Nam, ludziom, naprawdę świetnie wychodzi takie pokrętne myślenie, uznał.
— No i przecież miał swoje dobre okresy, trudno ukryć.
— Dwa, jeśli się chwilę zastanowić.
— Ale czego pan od nas oczekuje? — zapytał Hicks, słysząc już dalekie wrzaski profesora strofującego studentów.
— O ile mi wiadomo, istnieje coś takiego jak… insorcyzm?
— Nie wolno nam tego wykonywać! To całkowicie sprzeczne z regułami uniwersytetu!
— Wie pan, noszenie czarnej szaty i pierścienia z czaszką do czegoś zobowiązuje, prawda? Pańscy poprzednicy przewróciliby się w swoich ciemnych trumnach, gdyby wiedzieli, że nie chce się pan zgodzić na tę drobną niegrzeczność, którą mam na myśli…
I Moist w jednym zdaniu wytłumaczył, o co mu chodzi. Głośniejsze krzyki i przekleństwa wskazywały, że przenośny krąg jest już niemal przy nich.
— A więc, doktorze? — spytał Moist.
Po twarzy doktora Hicksa przemknęło złożone spektrum min.
— No, przypuszczam…
— Tak, doktorze?
— No, to jakby wysłać go do raju, prawda?
— Otóż to! Sam bym tego lepiej nie ujął!
— Każdy mógłby to ująć lepiej od tego pozera! — zawołał Flead tuż za nim. — Katedra mocno się stoczyła od moich czasów, a on do tego dopuścił! No ale zobaczymy, co da się z tym zrobić.
— Ale zanim pan zobaczy, profesorze, muszę porozmawiać z golemem — powiedział Moist. — Czy może pan dla mnie tłumaczyć?
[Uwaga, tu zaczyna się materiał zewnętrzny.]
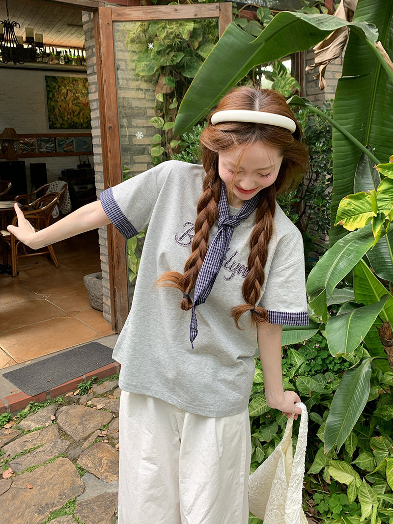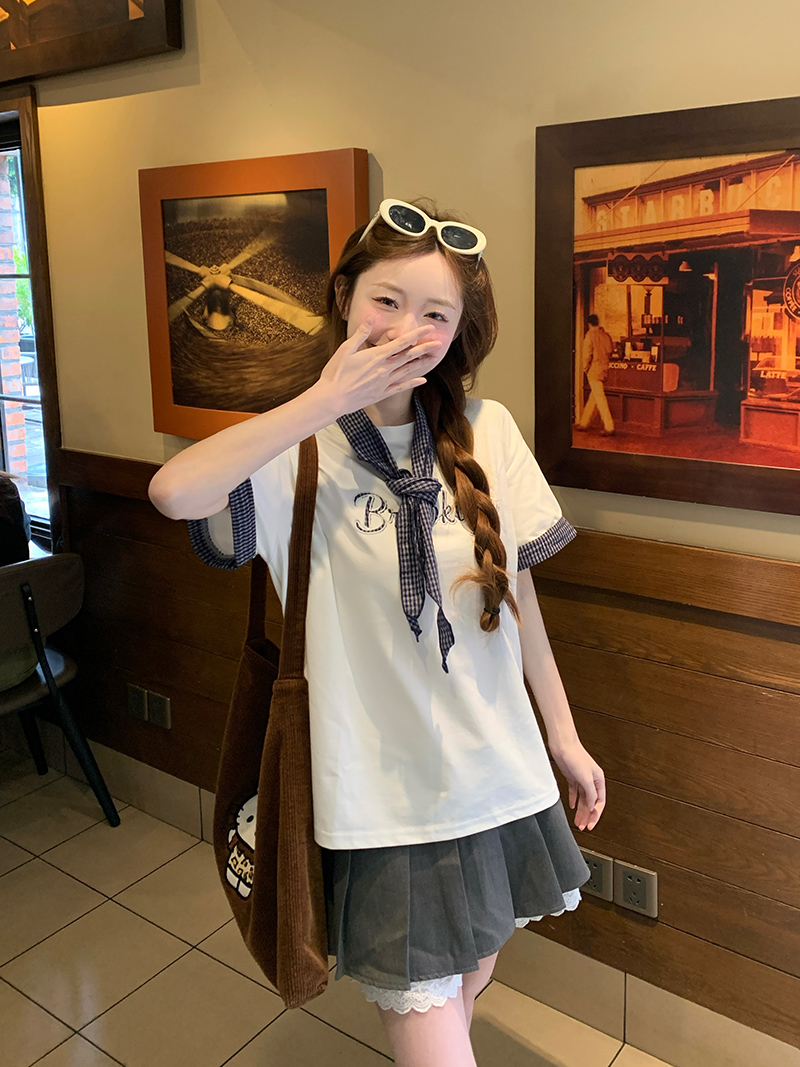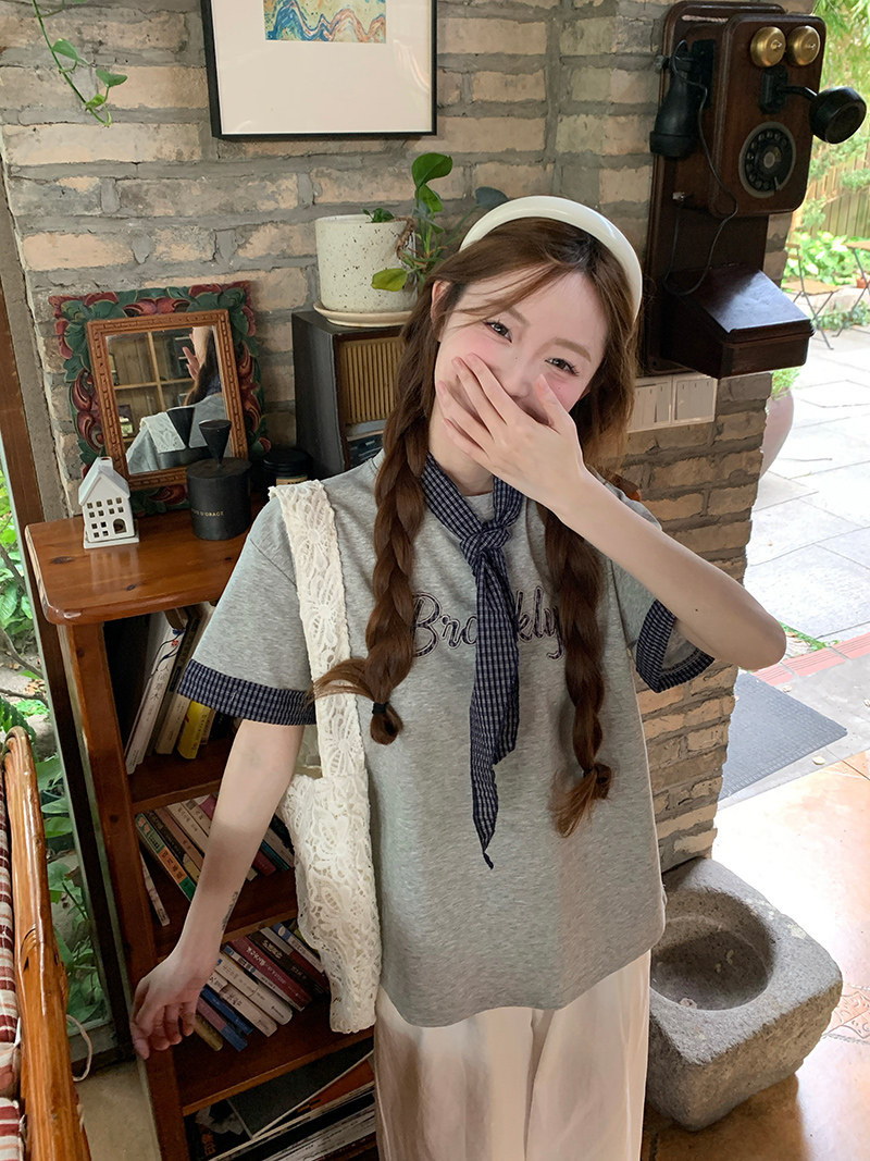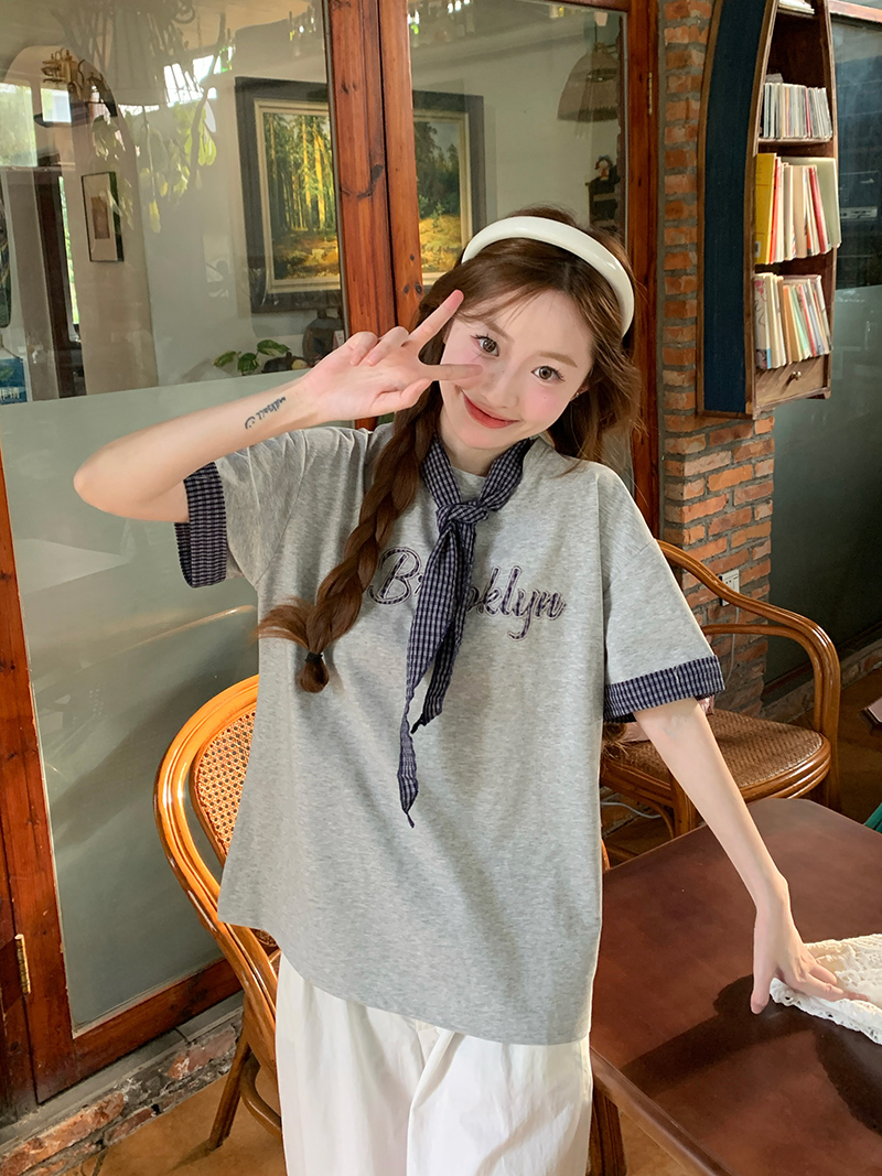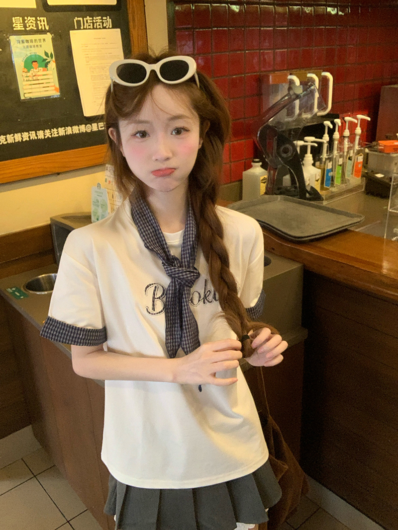 실사 21 순면 반팔 티셔츠 여름 2026 새로운 트렌디 긍정적 인 어깨 체크무늬 패치워크 쇼트 스타일 라운드 넥 맨위 여성 의류

— Mogę, ale nie chcę — burknął Flead.
— Ale wcześniej starał się pan pomóc pannie Dearheart!
— Ona jest atrakcyjna. Dlaczego miałbym dzielić się wiedzą, której zdobycie zajęło mi setkę lat?
— Bo w pałacu są durnie, którzy chcą wykorzystać te golemy i rozpocząć wojnę.
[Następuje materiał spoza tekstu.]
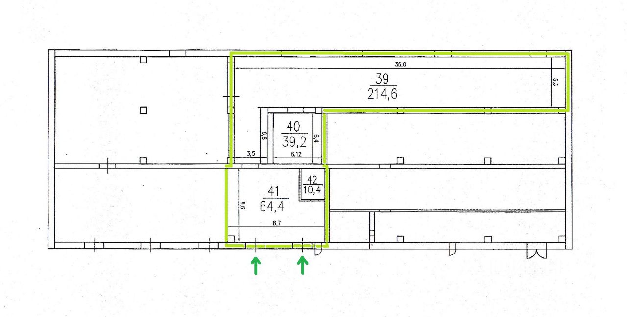 Планировка (см. фото): три зала и офис 10 м2,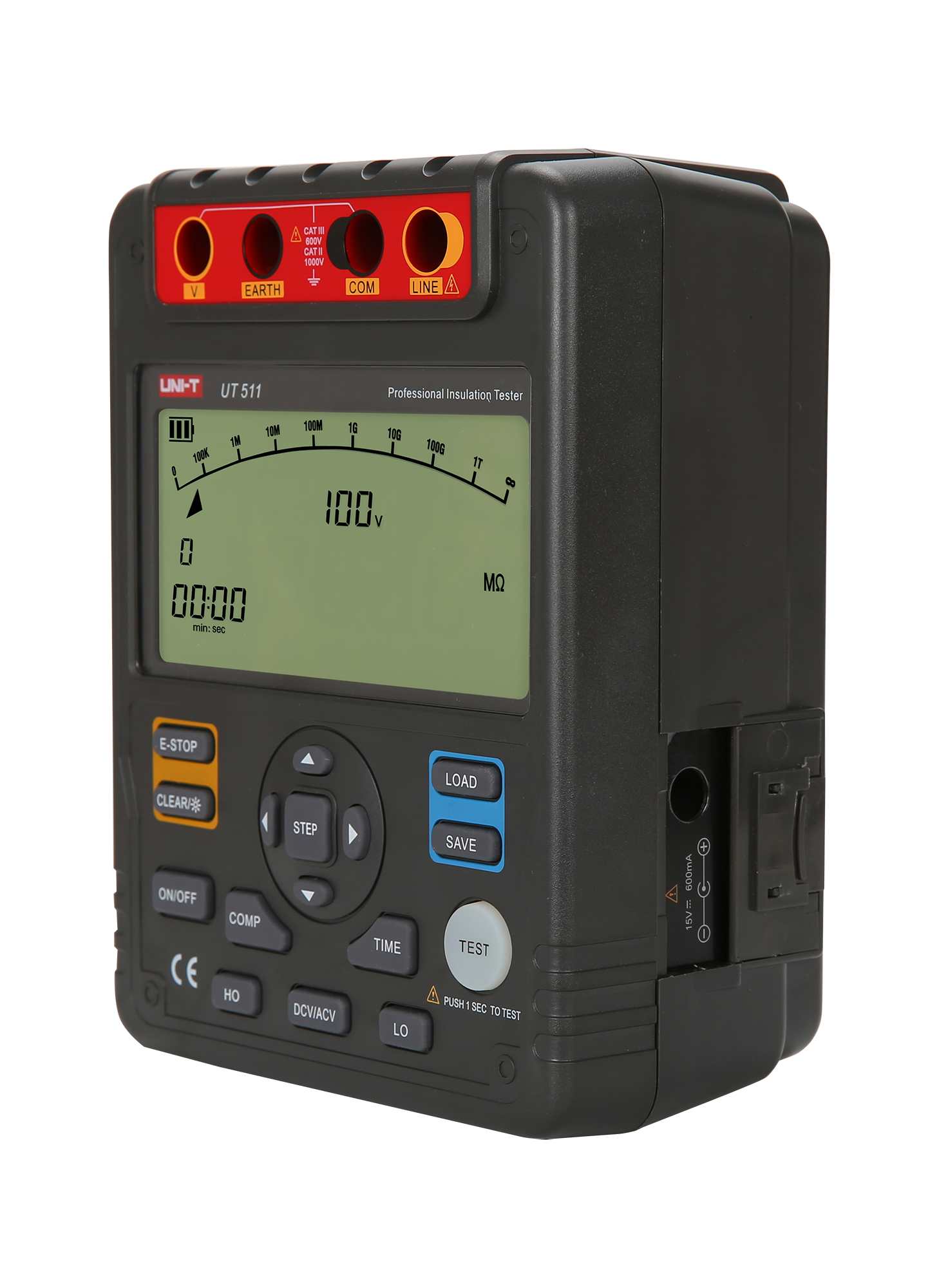 UT511 jest wyposażony w szereg funkcji diagnostycznych, takich jak test absorpcji dielektrycznej, indeksacja polaryzacji oraz funkcja porównawcza, które umożliwiają kompleksową ocenę stanu izolacji. Miernik posiada również funkcję automatycznej zmiany zakresów pomiarowych, wskaźnik niskiego poziomu baterii oraz ostrzeżenie o wysokim napięciu, co zwiększa bezpieczeństwo i wygodę użytkowania. Dodatkowo, podświetlany ekran LCD o wymiarach 123 x 58 mm oraz analogowy bargraf z 30 segmentami ułatwiają odczyt wyników w różnych warunkach oświetleniowych.

— W ten sposób zmniejszy się liczba durniów!
Przed nimi tkwił teraz samotny golem. Nawet kiedy klęczał, jego twarz znajdowała się na poziomie oczu Moista. Głowa odwróciła się i spojrzała na niego bez wyrazu. Za to strażnicy wokół patrzyli z głęboką podejrzliwością.
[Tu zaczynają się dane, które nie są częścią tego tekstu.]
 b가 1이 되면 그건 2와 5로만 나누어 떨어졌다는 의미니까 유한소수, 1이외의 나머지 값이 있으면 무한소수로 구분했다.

— Chcemy tu przeprowadzić niewielkie działania magiczne, panowie — poinformował Moist.
Dowodzący strażnikami kapral wyglądał, jakby ten plan nie zyskał jego aprobaty.
— Mamy go pilnować — odparł, spoglądając na czarne szaty i migoczącego profesora Fleada.
— Nie szkodzi, możemy działać zza kordonu. Zostańcie, oczywiście, jestem pewien, że nie ma wielkiego ryzyka.
— Ryzyka? — zaniepokoił się kapral.
— Choć może lepiej by było, gdybyście się rozstawili i nie dopuszczali tu gapiów — ciągnął Moist. — Nie chcielibyśmy przecież, żeby coś się przytrafiło przypadkowym osobom. Gdybyście może odsunęli tłum na jakieś pięćdziesiąt sążni…
— Kazali nam stać tutaj — odparł kapral. Zmierzył Moista badawczym wzrokiem i zniżył głos. — Pan chyba jest naczelnym poczmistrzem?